WORK INSTRUCTION
When the line containing "Multifunctioneel ontwerp-Schakel moeiteloos" is found in the data below, copy it and each line after it through the line containing "Funda de PC", exactly and with no others.

EXTRACTED ENTRIES
——————————

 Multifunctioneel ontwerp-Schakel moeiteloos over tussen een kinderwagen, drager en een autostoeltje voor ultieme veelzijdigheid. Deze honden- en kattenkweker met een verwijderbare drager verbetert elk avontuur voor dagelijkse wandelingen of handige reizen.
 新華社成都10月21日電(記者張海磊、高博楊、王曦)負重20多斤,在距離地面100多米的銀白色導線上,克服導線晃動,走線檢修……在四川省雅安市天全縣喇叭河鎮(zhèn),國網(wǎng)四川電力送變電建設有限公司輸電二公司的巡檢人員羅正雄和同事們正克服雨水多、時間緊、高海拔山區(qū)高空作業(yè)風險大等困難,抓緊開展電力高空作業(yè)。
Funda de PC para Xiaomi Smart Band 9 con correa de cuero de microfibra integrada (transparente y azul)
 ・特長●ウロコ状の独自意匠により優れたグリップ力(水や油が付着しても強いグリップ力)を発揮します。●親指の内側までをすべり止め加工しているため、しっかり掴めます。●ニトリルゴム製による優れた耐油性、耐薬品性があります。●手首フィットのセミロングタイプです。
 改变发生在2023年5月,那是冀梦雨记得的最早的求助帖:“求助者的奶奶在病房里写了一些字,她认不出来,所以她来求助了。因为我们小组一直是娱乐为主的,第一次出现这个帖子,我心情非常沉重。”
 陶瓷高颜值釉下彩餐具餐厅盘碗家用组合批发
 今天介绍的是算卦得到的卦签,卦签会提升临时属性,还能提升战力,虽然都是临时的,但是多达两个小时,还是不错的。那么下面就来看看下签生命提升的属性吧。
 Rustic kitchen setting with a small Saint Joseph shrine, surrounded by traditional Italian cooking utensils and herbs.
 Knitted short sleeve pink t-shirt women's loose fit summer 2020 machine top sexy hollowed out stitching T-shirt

——————————

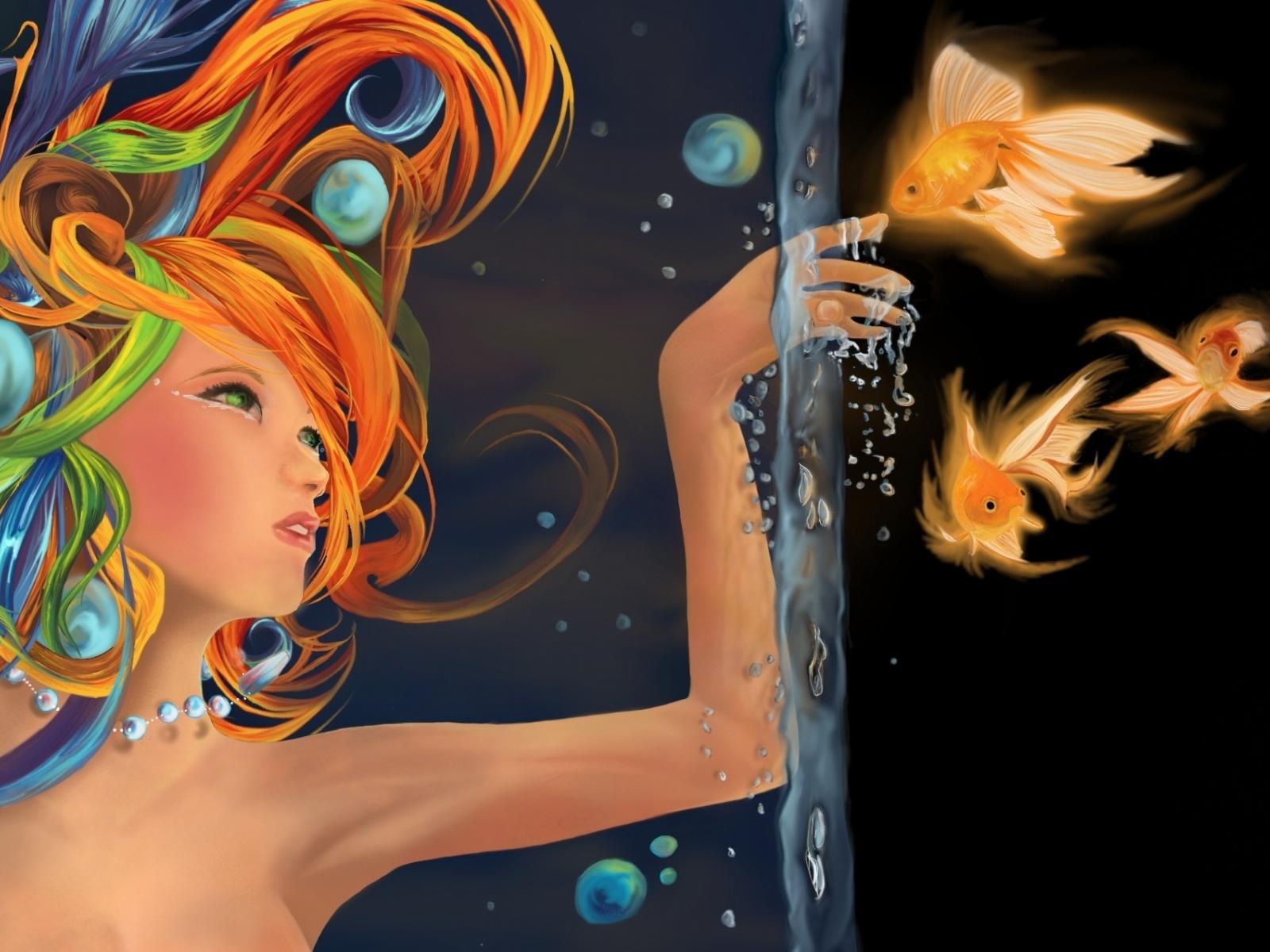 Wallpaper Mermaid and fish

——————————

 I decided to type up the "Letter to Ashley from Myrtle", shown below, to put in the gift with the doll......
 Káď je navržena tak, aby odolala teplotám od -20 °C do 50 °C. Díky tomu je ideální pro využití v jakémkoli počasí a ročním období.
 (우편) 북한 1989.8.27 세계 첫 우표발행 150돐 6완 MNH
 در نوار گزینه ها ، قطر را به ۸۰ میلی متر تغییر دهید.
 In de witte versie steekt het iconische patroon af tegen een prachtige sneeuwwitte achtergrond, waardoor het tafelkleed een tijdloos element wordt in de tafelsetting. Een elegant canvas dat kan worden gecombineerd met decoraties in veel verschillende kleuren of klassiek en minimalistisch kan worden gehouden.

——————————

RESULT OF THIS TASK
 Multifunctioneel ontwerp-Schakel moeiteloos over tussen een kinderwagen, drager en een autostoeltje voor ultieme veelzijdigheid. Deze honden- en kattenkweker met een verwijderbare drager verbetert elk avontuur voor dagelijkse wandelingen of handige reizen.
 新華社成都10月21日電(記者張海磊、高博楊、王曦)負重20多斤,在距離地面100多米的銀白色導線上,克服導線晃動,走線檢修……在四川省雅安市天全縣喇叭河鎮(zhèn),國網(wǎng)四川電力送變電建設有限公司輸電二公司的巡檢人員羅正雄和同事們正克服雨水多、時間緊、高海拔山區(qū)高空作業(yè)風險大等困難,抓緊開展電力高空作業(yè)。
Funda de PC para Xiaomi Smart Band 9 con correa de cuero de microfibra integrada (transparente y azul)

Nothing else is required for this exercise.